Using Torch-TensorRT Directly From PyTorch ¶

You will now be able to directly access TensorRT from PyTorch APIs. The process to use this feature is very similar to the compilation workflow described in Using Torch-TensorRT in Python

Start by loading torch_tensorrt into your application.

         import torch
import torch_tensorrt

Then given a TorchScript module, you can compile it with TensorRT using the torch._C._jit_to_backend("tensorrt", ...) API.

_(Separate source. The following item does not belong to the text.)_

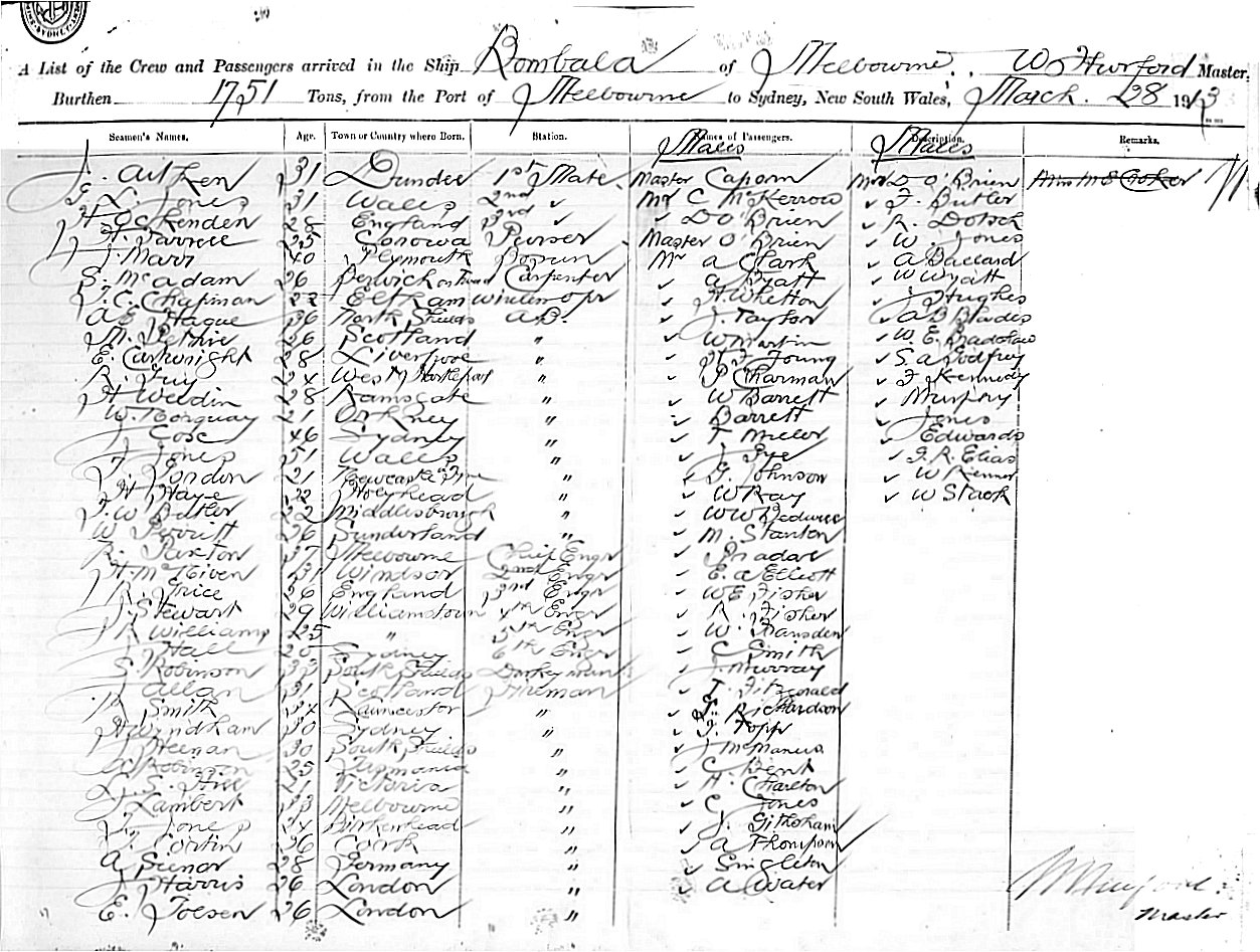 BOMBALAOF MELBOURNE, W. HURFORD, MASTER, BURTHEN 1751 TONS FROM THE PORT OF MELBOURNE TO SYDNEY, NEW SOUTH WALES, 28TH MARCH 1913 |

         import torchvision.models as models

model = models.mobilenet_v2(pretrained=True)
script_model = torch.jit.script(model)

Unlike the compile API in Torch-TensorRT which assumes you are trying to compile the forward function of a module or the convert_method_to_trt_engine which converts a specified function to a TensorRT engine, the backend API will take a dictionary which maps names of functions to compile to Compilation Spec objects which wrap the same sort of dictionary you would provide to compile . For more information on the compile spec dictionary take a look at the documentation for the Torch-TensorRT TensorRTCompileSpec API.

         spec = {
    "forward":
        torch_tensorrt.ts.TensorRTCompileSpec({
            "inputs": [torch_tensorrt.Input([1, 3, 300, 300])],
            "enabled_precisions": {torch.float, torch.half},
            "refit": False,
            "debug": False,
            "strict_types": False,
            "device": {
                "device_type": torch_tensorrt.DeviceType.GPU,
                "gpu_id": 0,
                "dla_core": 0,
                "allow_gpu_fallback": True
            },
            "capability": torch_tensorrt.EngineCapability.default,
            "num_min_timing_iters": 2,
            "num_avg_timing_iters": 1,
            "max_batch_size": 0,
        })
    }

        

Now to compile with Torch-TensorRT, provide the target module objects and the spec dictionary to torch._C._jit_to_backend("tensorrt", ...)

         trt_model = torch._C._jit_to_backend("tensorrt", script_model, spec)

        

To run explicitly call the function of the method you want to run (vs. how you can just call on the module itself in standard PyTorch)

         input = torch.randn((1, 3, 300, 300)).to("cuda").to(torch.half)
print(trt_model.forward(input))